Yesterday I concluded with a question - Is it lawful to heal on the Sabbath
Now there’s a technicality behind that question, and Jewish scribes used to debate it: is it lawful for a physician to heal on the sabbath? If the answer’s ‘yes’ how about someone else, like a prophet? The Shammaite Pharisees did not allow praying for the sick on the sabbath, but the followers of Hillel allowed it.
Arguments, arguments: ‘arguments by extension’ to which Jesus answers with an ‘argument by analogy’. If the sabbath laws allow you to help a sheep, why not a person? (But then, the Essenes wouldn’t have rescued a sheep either: gets complicated!).
So Jesus healed the man. Two notes at this point:
#1. Jesus asked the man to stretch out his hand, to do as much as he could. Jesus often did that in his healings. It’s the same today: we get help any way we can, and do what we can. Jesus still heals: sometimes slowly (always slowly in cases of sexual / emotional abuse), sometimes instantly; sometimes with, sometimes without, the help of medicine…
#2. I was a co-speaker at a conference with the Dr Paul Yonggi Cho, pastor of the largest church in the world. He said: ‘Every miracle recorded in the New Testament, including the raising of the dead, has also happened in Korea: we are praying for some miracles not mentioned in the Bible, nor recorded in Christian history. Like the replacement of a limb – an arm or a leg – that’s not there . We’re believing God for miracles like that.’
Back to the Sabbath: what's it all about? Two things, basically: faith and rest. Faith that God will supply our needs if we don’t have to work all the time; and rest so that our lives will be in balance. As you know, I counsel clergy: that’s what John Mark Ministries is about. They’re often burned out.

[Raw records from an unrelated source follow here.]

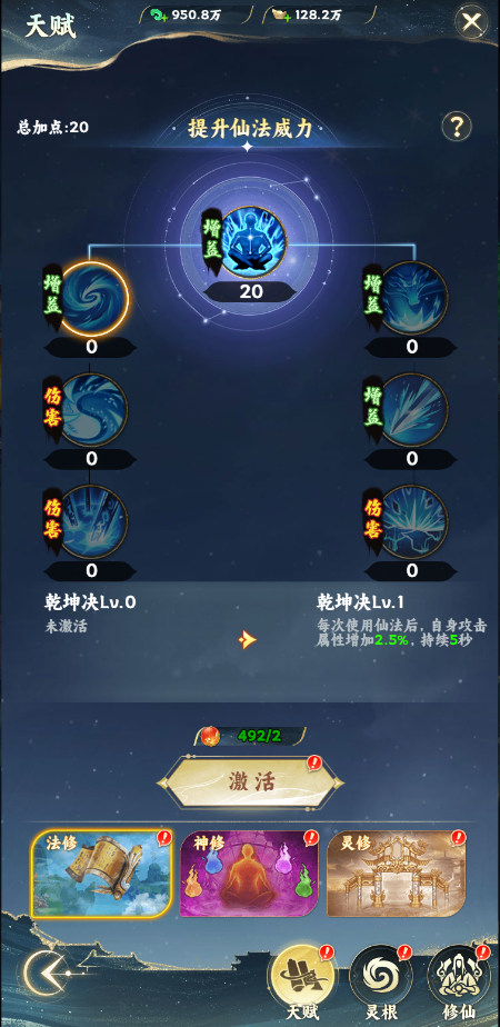 修仙2转开启,玩家消耗蕴灵丹开启灵根,开启后消耗灵气可以提升灵根层数,当灵根层数满了之后可以使用蕴灵丹突破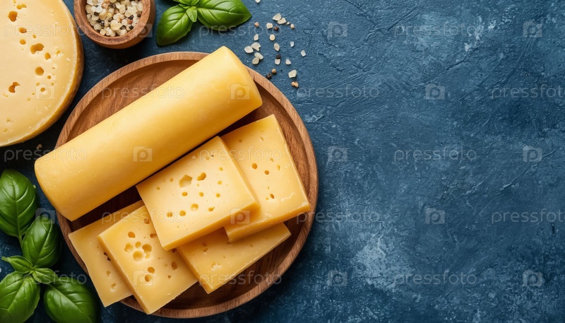 Сортированное разнообразие сыров на синем фоне Top View Food Photography Platter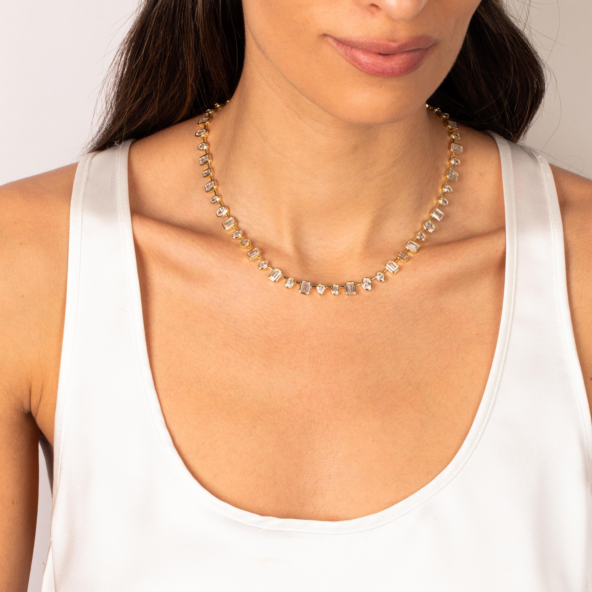The CZ Multi Shape Tennis Necklace by Adina Eden brings simple elegance to your jewelry rotation with this standout Necklace. Featuring soft edges and bold colorways, this ladies tennis necklace stuns in Gold. When your plans go from casual to chic, this piece makes even your most basic outfit feel styled, smart, and effortlessly cool. Layer this gold plated tennis necklace with accents from our Lariat Necklaces collection to make your everyday styling effortless. It never misses—feels right with every outfit, every time.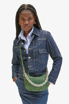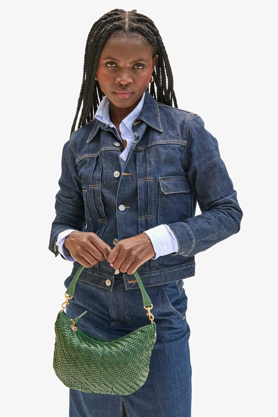 The cutest zip-top mini messenger with tubular shoulder & crossbody straps that holds your phone, keys, small wallet, sunnies . Made of handwoven leather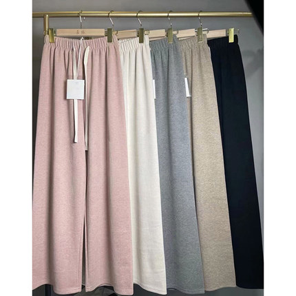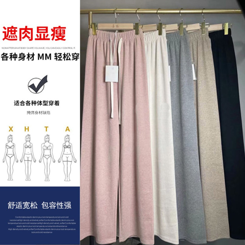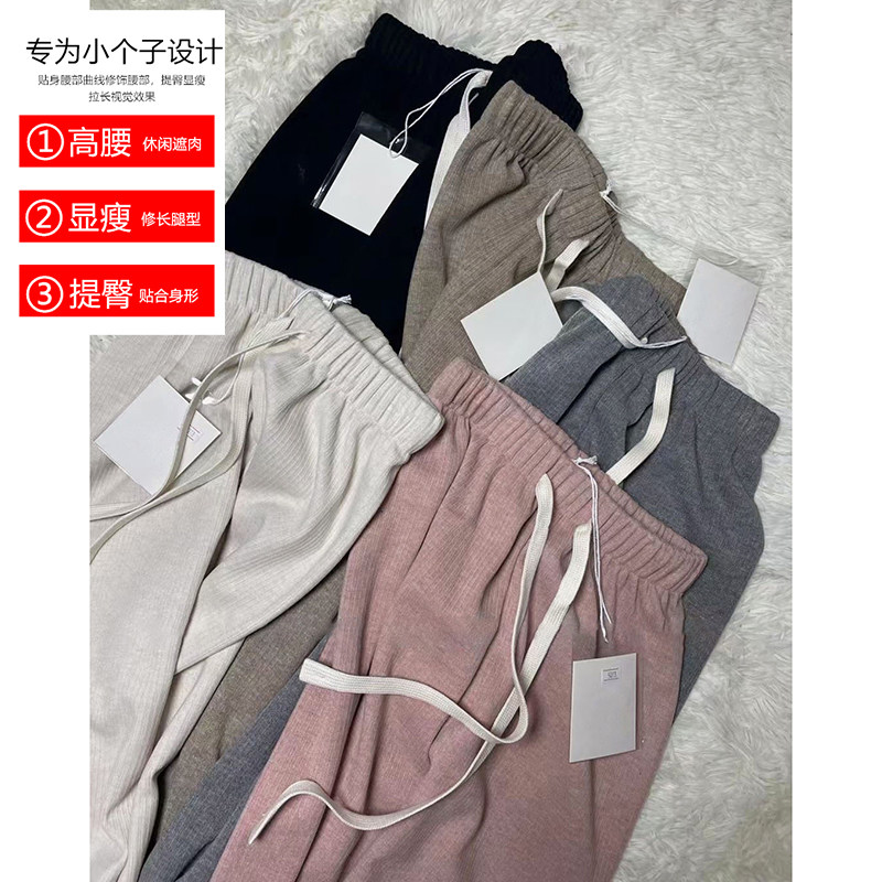 小个子150cm针织阔腿裤女秋冬软糯抽绳垂感遛弯155xs休闲直筒长裤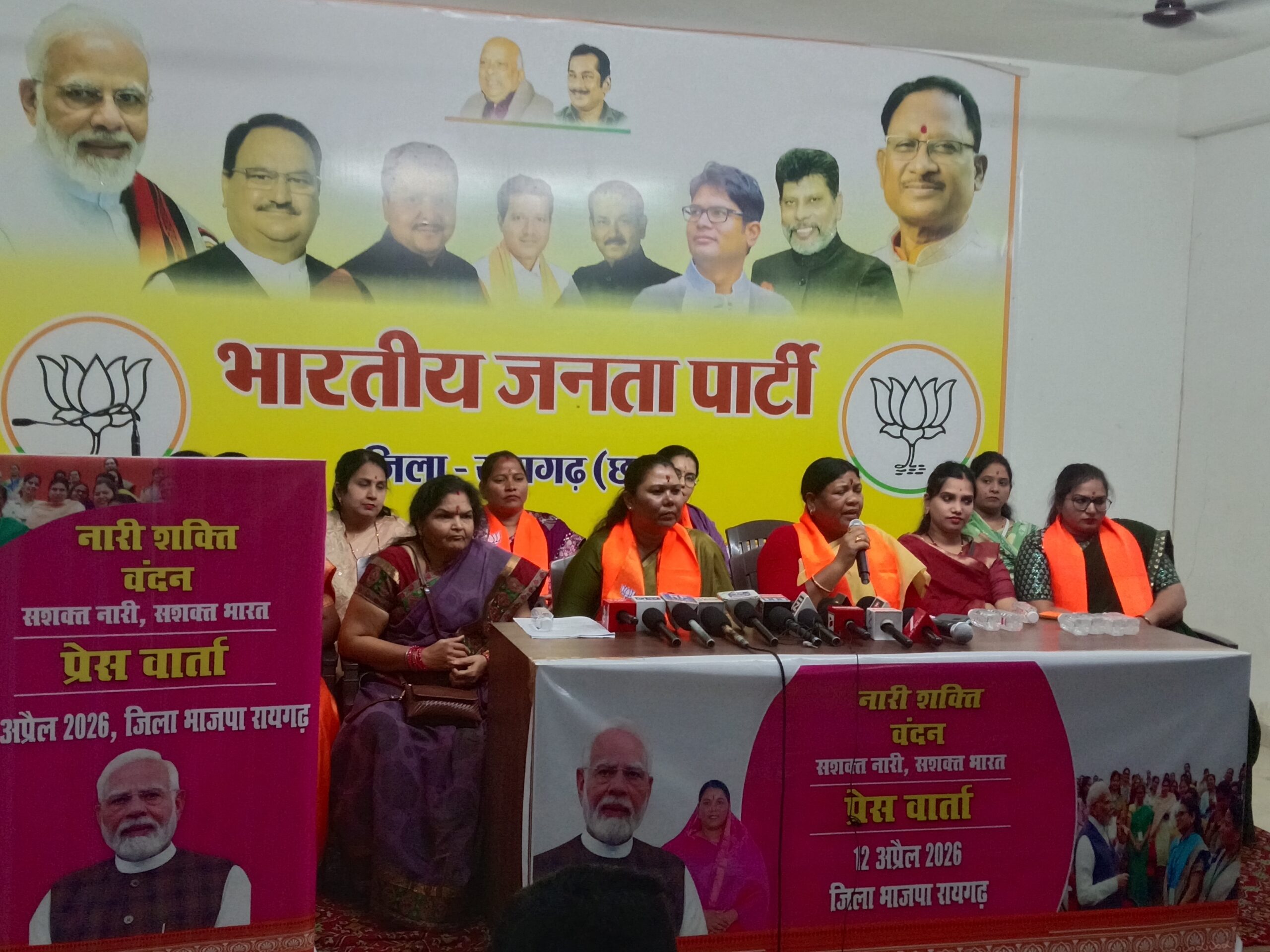 प्रवक्ता बब्बल पांडे ने जानकारी देते हुए कहा इस प्रेस वार्ता में महिला आरक्षण की झलक नजर आई। प्रेस वार्ता के दौरान स्टेज़ में केवल महिलाएं ही बैठी।गोमती साय विधायक पत्थलगांव,रायमुनी भगत विधायक जशपुर, शिखा गवेल जिला पंचायत अध्यक्ष,मधुलता पटेल जिलाध्यक्ष महिला मोर्चा,

But when they are, it’s almost always associated with a failure to take the idea and practice of sabbath seriously. They don’t take a day off: a day off is any day (for pastors it’s often Thursday) when from getting up to going to bed at night you are not preoccupied with your vocation. Isn’t it interesting that in our leisure-oriented culture, there’s also more fatigue? A lot of people are just plain tired. The five-day work week is a recent innovation, but ‘leisure’ and ‘sabbath-rest’ are not the same.
Gordon McDonald, in his excellent book Ordering Your Private World has a chapter ‘Rest Beyond Leisure’ which I urge you to read. He writes: ‘God was the first “rester”…Does God need to rest? Of course not. But did God choose to rest? Yes.
Why? Because God subjected creation to a rhythm of rest and work that he revealed by observing the rhythm himself, as a precedent for everyone else… [For us] this rest is a time of looking backward. We gaze upon our work and ask questions like: “What does my work mean? For whom did I do all this work? How well was my work done? Why did I do all this?
What results did I expect, and what did I receive?” To put it another way, the rest God instituted was meant first and foremost to cause us to interpret our work, to press meaning into it, to make sure we know to whom it is properly dedicated’ (Highland, 1985, pp.176-7).
The Pharisees had lost sight of the essence of the sabbath. Alister McGrath says in his NIV Bible Commentary: ‘The Sabbath was instituted to give people refreshment, rather than to add to their burdens’ (H&S, 1995, p.242). Precisely how you keep the Sabbath today will be governed by love for God and neighbour, and the kind of work you do. If you’re a manual worker, rest. If you’re sedentary, do something physical. Make sure it’s ‘recreational’ for you – re-creating your body, mind, emotions and spirit.
Sometimes I talk to a pastor who is being ‘destroyed’ by Pharisees. They are still with us. Why? It’s all about what social scientists call ‘mindsets’: the mindset of the Pharisee and that of the prophet are antithetical: they can’t get along. Let me explain.
The Pharisee is concerned about law: how to do right. Now there’s nothing wrong with that as it stands. Except for one thing: you can keep the law and in the process destroy persons.
I have a friend who lectured in law in one of our universities, before he got out of it all in disgust. He said with some conviction: ‘The whole of our Western legal system is sick, unjust. For one thing: if you’re rich, and can afford the cleverest advocacy, you have a pretty good chance of not going to gaol; but not if you’re poor.’ There’s something wrong with a system supposed to preserve ‘fairness’ when double-standards operate…
There’s a tension between law and love. Law is to love as the railway tracks are to the train: the tracks give direction, but all the propulsive power is in the train. Tracks on their own may point somewhere, but they’re cold, lifeless things. But love without law is like a train without tracks: plenty of noise and even movement but lacking direction.
Both law and love ultimately come from God. We need God’s laws to know how to set proper boundaries and behave appropriately: without good laws we humans will destroy one another. Prophets, in the biblical sense, try to tie law and love into each other.
The Old Testament prophets were always encouraging the people of God to keep the law of God. But the greatest commandment is love: love of God and of others.